Although it can be difficult to get heart muscle cells to propagate in large numbers, a team of researchers at the University of Minnesota has found a way to use 3D printing and light-induced excitation to create a living heart pump that has broad implications in medicine.
Historically, scientists have attempted to 3D print cardiomyocytes, heart muscle cells from stem cells, but could never reproduce them in sufficient numbers to establish their functionality. The Minnesota team tried a new approach, using an ink mixture made of proteins and combining it with human stem cells projected into a chamber structure.
According to the researchers’ published study, they created a photo-crosslinkable formulation of extracellular matrix proteins and used this “ink” to print human pluripotent stem cell structures, with two chambers and a vessel inlet and outlet. The researchers discovered that the muscles began to spontaneously beat together and responded to drugs and other pacing mechanisms.
A 3D rendering of the printed heart pump developed at the University of Minnesota. Courtesy of University of Minnesota.
The printing was accomplished with the aid of a 27-gauge needle with submillimeter resolution. This gelatin mixture was made to become sturdy over time, and could hold form. In the case of the experiment carried out at the University of Minnesota, the pump was the size of a mouse heart, millimeters wide.
“We printed the pumps using a ratio of 15 million stem cells per milliliter of bio-ink. We cultured these structures for two weeks prior to differentiating the stem cells, so the number of cells increased dramatically during this period,” said Brenda Ogle, lead researcher and head of the Department of Biomedical Engineering at the university. “This initial proliferation phase was crucial to achieving contiguous muscle formation in the cardiac pump.”
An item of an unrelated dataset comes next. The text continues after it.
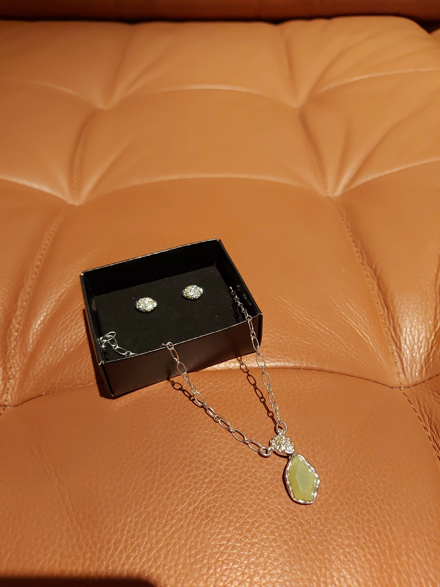 A lovely necklace and earring set! The set comes in a box and is in great condition. The necklace features a unique pendant.

Ogle said that in principle, making a larger version of the pump would simply require more material; however, it also would mean scaling up the equipment used in the laboratory, and a more complex vascular system would need to be accounted for in order to distribute nutrients.
“The material in which the cells were printed was activated by light,” Ogle said. “The bio-ink that we used to print the pumps was composed of native proteins found in the heart … Some of the protein components of the bio-ink were chemically modified so that they could be photo-crosslinked. This means that when the bio-ink is exposed to a specific wavelength of light, these proteins will become linked together, resulting in a stiffer structure, similar to the curing of plastics.”
Further, the researchers used optical mapping to visualize electrical signals across the surface of their pump, allowing for calculations of duration and conduction velocity.
Those involved in the study pointed out that this work could lead to a testing mechanism for cardiac devices and even allow for therapeutic tissue grafting containing complex cell networks.
This research was supported by the National Institutes of Health, the National Science Foundation Graduate Research Fellowship Project, and the University of Minnesota Doctoral Dissertation Fellowship. The study appeared in the American Heart Association’s Circulation Research (www.doi.org/10.1161/CIRCRESAHA.119.316155).